BEGIN Available data

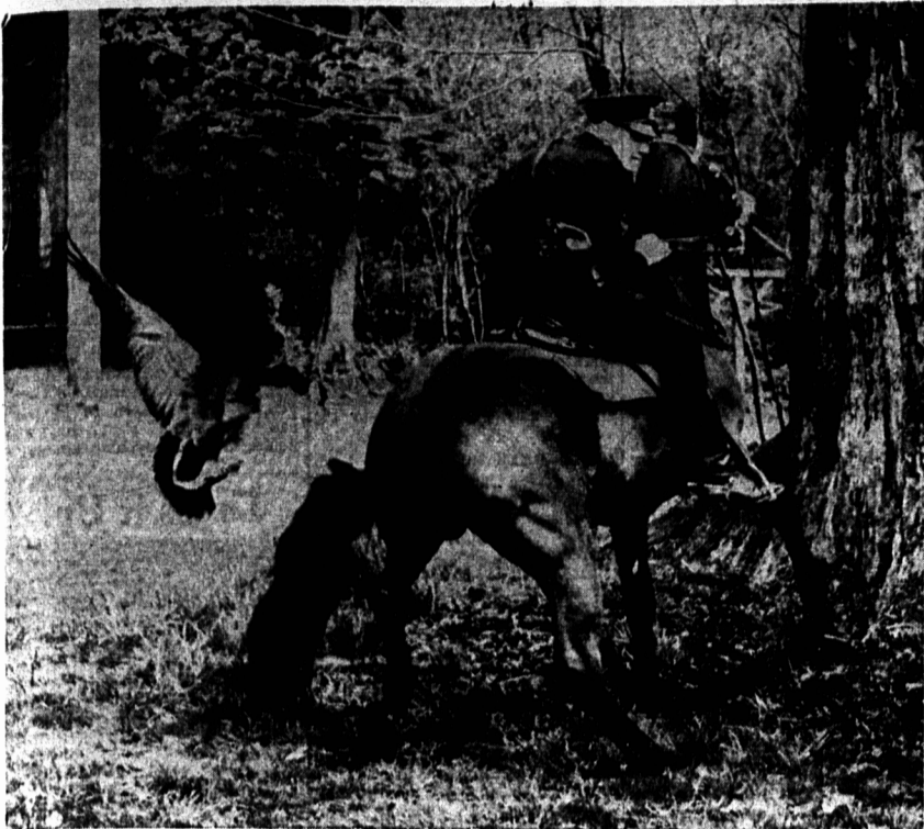
Size makes no difference when it comes to defence. When Constable Cliff Cooper, parolling Vancouver's Stanley Park on "Trooper," came too close to a gander's mate and nest, the father rushed to the defence, hissing loudly and buffeting both horse and rider with its broad, strong wings. The geese, of the big Canada goose variety, had made their homes on top of a tree stump. (CP Photo).
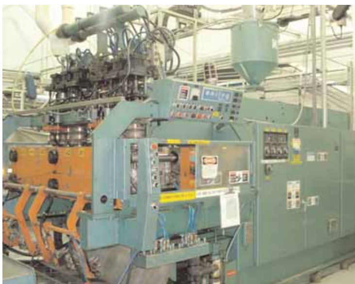
(3) Uniloy 6-Wide Blow Molders with Gallon Mold Sets
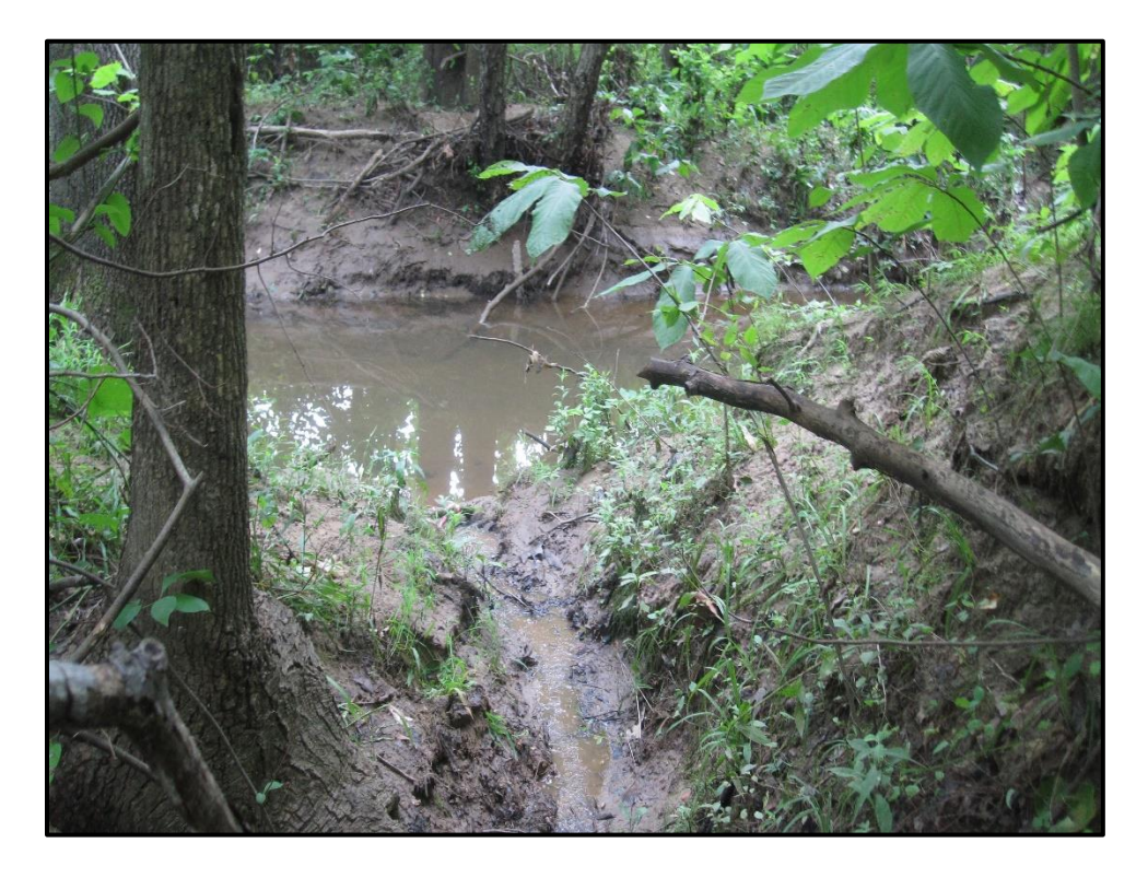
Waters 6KK – Intermittent

END Available data

Requirement
Leave out the pictures, and write out exactly the lines from the one containing "(3) Uniloy 6-Wide" through the last line of the listing, both included.

The completed task
(3) Uniloy 6-Wide Blow Molders with Gallon Mold Sets
Waters 6KK – Intermittent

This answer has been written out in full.